Sasha seemed headed toward revealing what the gift is. She said, "We got him . . ." when Mrs. Obama cut in and said, "Don't say it, just give it a category." Replied Sasha, "I'm not. It's something he likes."
The patients asked how many Christmas trees are in the White House -- Mrs. Obama said 26, prompting Malia to make it clear to the other youngsters, "Unfortunately, you don't get presents under all of them."
Sasha brought up the "wishing tree" that stands near the East Wing entrance, describing one of the newest Obama White House Christmas traditions: "One of the trees is called the wishing tree, and it is made out of cardboard. And so you can write down a wish and you roll it up and then you can put it one of the holes and it might come true."
(Disclosure: When I was at the White House press party last week, I wrote down a wish, rolled it up and slipped it in one of the little round tubes on the tree.)
One youngster seemed to be having trouble getting a question together. Said Mrs. Obama, "Just make something up. Do you want to ask Bo a question? Bo, can you answer something?"
Near the end, the topic of Christmas songs came up: What were their favorites? Mrs. Obama said, "Malia and Sasha have been playing two that are just drilled into my head. 'Carol of the Bells' and 'Jingle Bells.' " Sasha fine-tuned her mom's answer: "Well, I don't play 'Jingle Bells' as much as Malia plays 'Carol of the Bells.' "

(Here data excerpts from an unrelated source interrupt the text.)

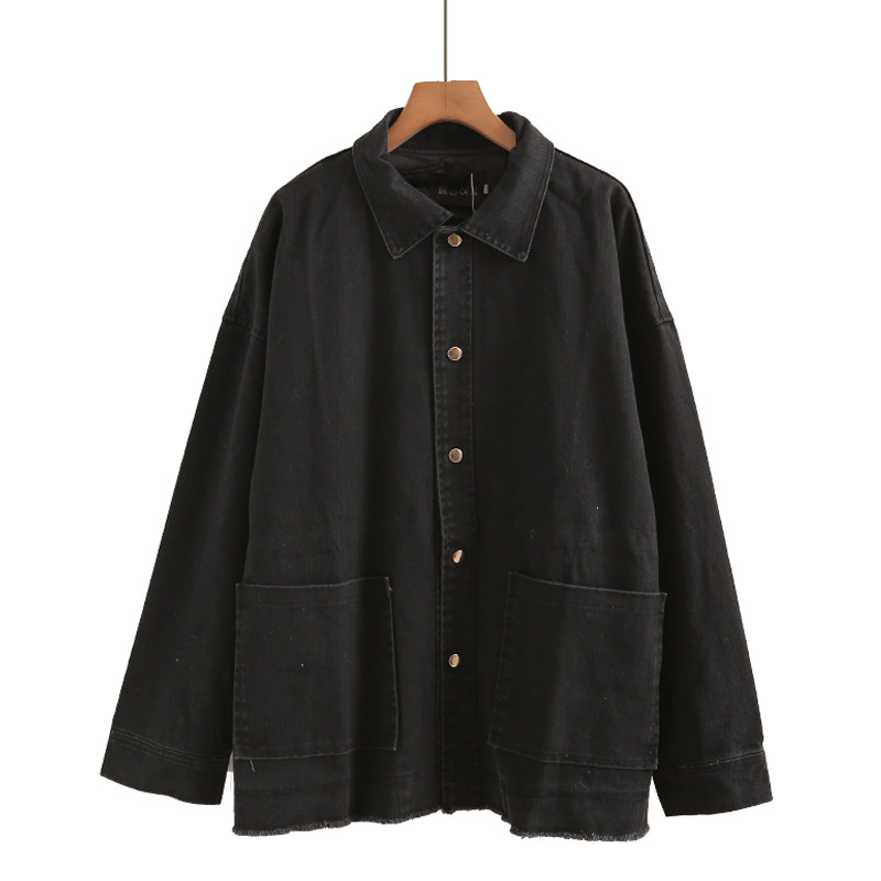 日系复古工装夹克男女春秋宽松大码情侣款牛仔衣学生潮流胖子外套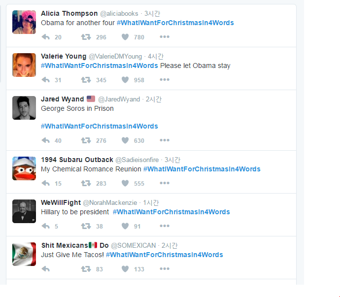 해쉬태그#WhatIWantForChristmasIn4Words 달고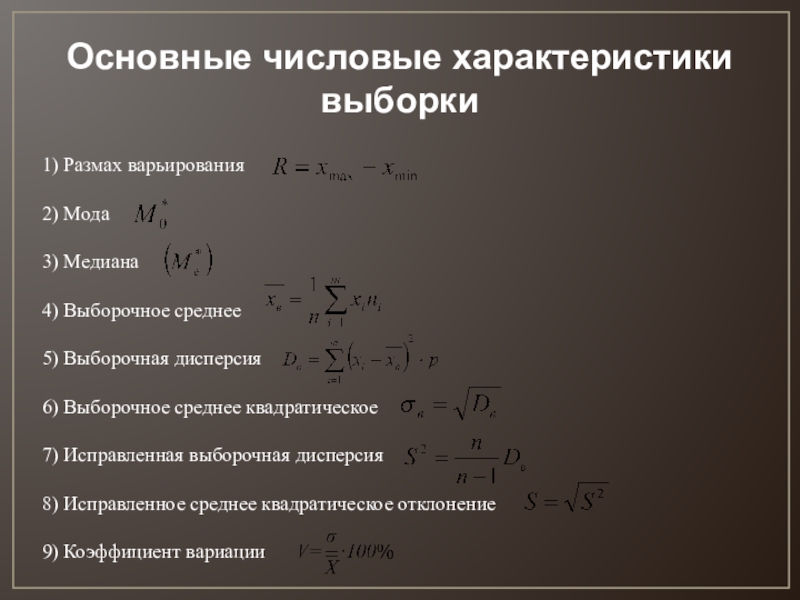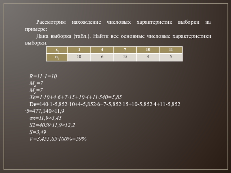 Слайд 13Рассмотрим нахождение числовых характеристик выборки на примере: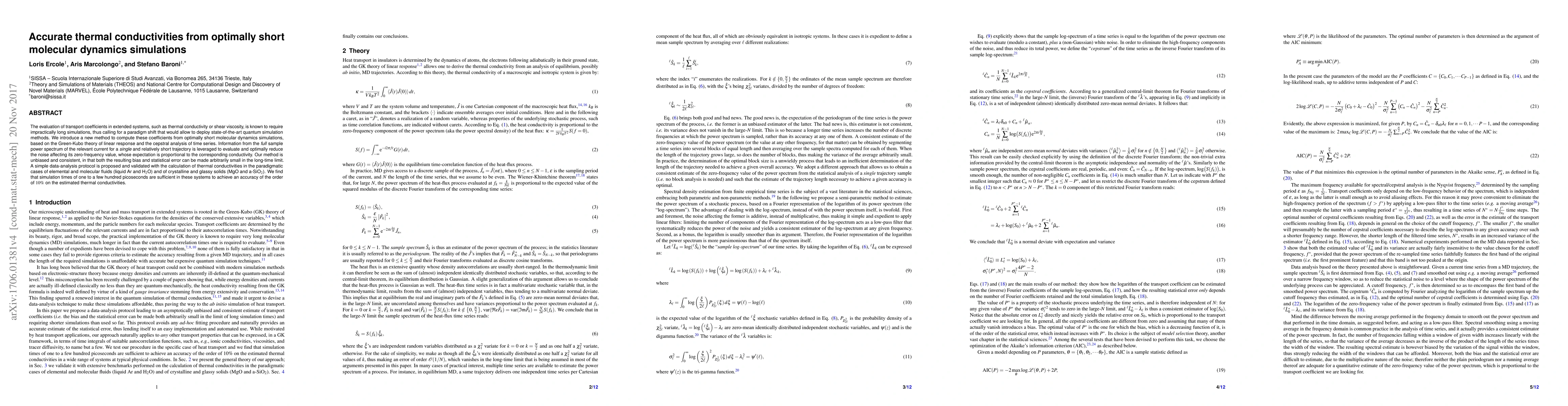 This paper presents a novel method for calculating thermal conductivities from short molecular dynamics simulations, leveraging cepstral analysis and the Green-Kubo theory to reduce noise and achieve high accuracy. The method is validated on various fluids and solids, demonstrating that only picosecond-scale simulations are needed for 10% accuracy.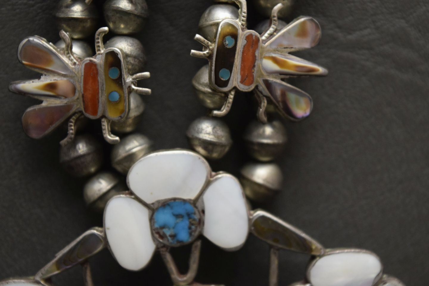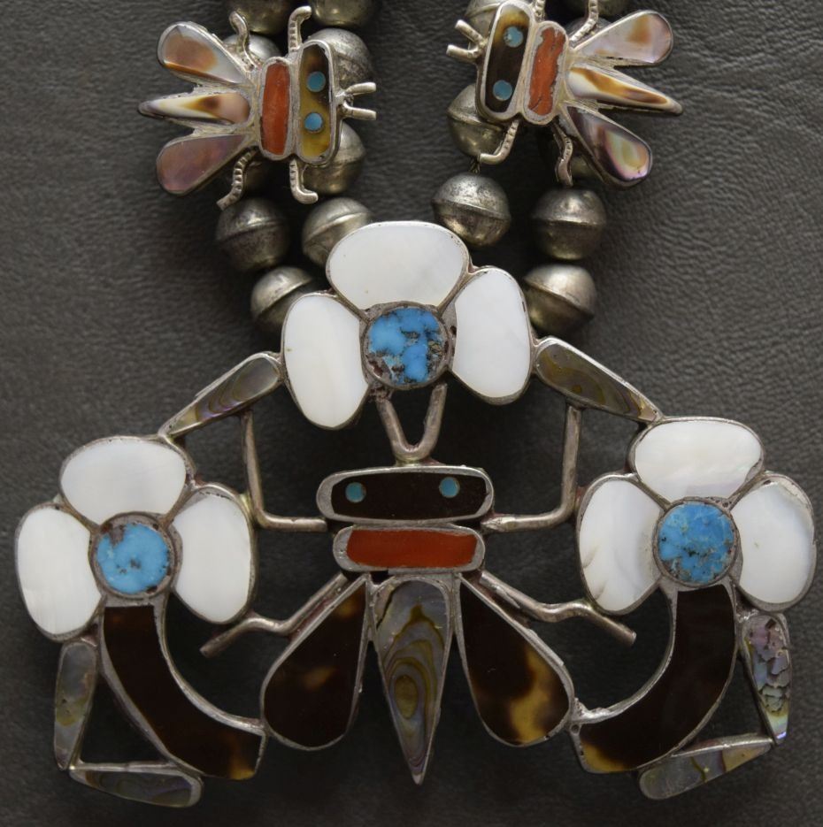 1960's channel inlay turquoise and shell depicting bees necklace 30'' long and pendent 2.25'' x 3.25'' total weight 136 grams
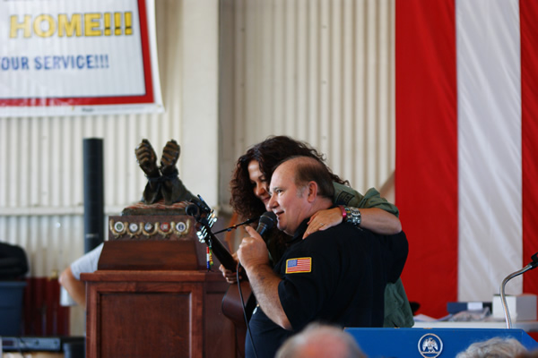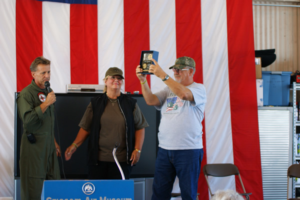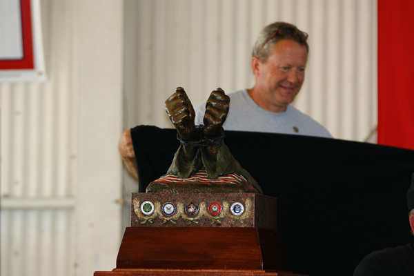 | Alan Walker unveils the bronze sculpture donated to the organization by Paul Burge, POW/MIA Hands |

Back in 2008, five days after "Access Hollywood" had ballyhooed its few minutes with the family over several nights, candidate Obama gave several interviews in which he expressed regret about exposing his kids to the media. CBS reporter Russ Mitchell asked if the girls will be seen more, and he said no.
"We had a unique situation in Montana, where it was Malia's birthday, and all of us, I think, got caught up in the festivities. And so they had a chance to be their adorable selves on TV, but generally we've been very protective of them. And, you know, in retrospect, I think if you'd asked me, we probably wouldn't have done it then, and we wouldn't do it again," Obama said.
But not doing it again does not mean never, forever. Parental edicts change. After the two-year campaign and 11 months in the White House, Mrs. Obama --and I am guessing -- probably realized her daughters have seen and heard enough to know, even at their young age, how to handle themselves. Letting them bring Bo and interact in public for a few minutes with the hospitalized kids -- with the press recording it all -- well, that's another milestone in the Obamas' first year in the White House -- and I bet a great treat for the patients.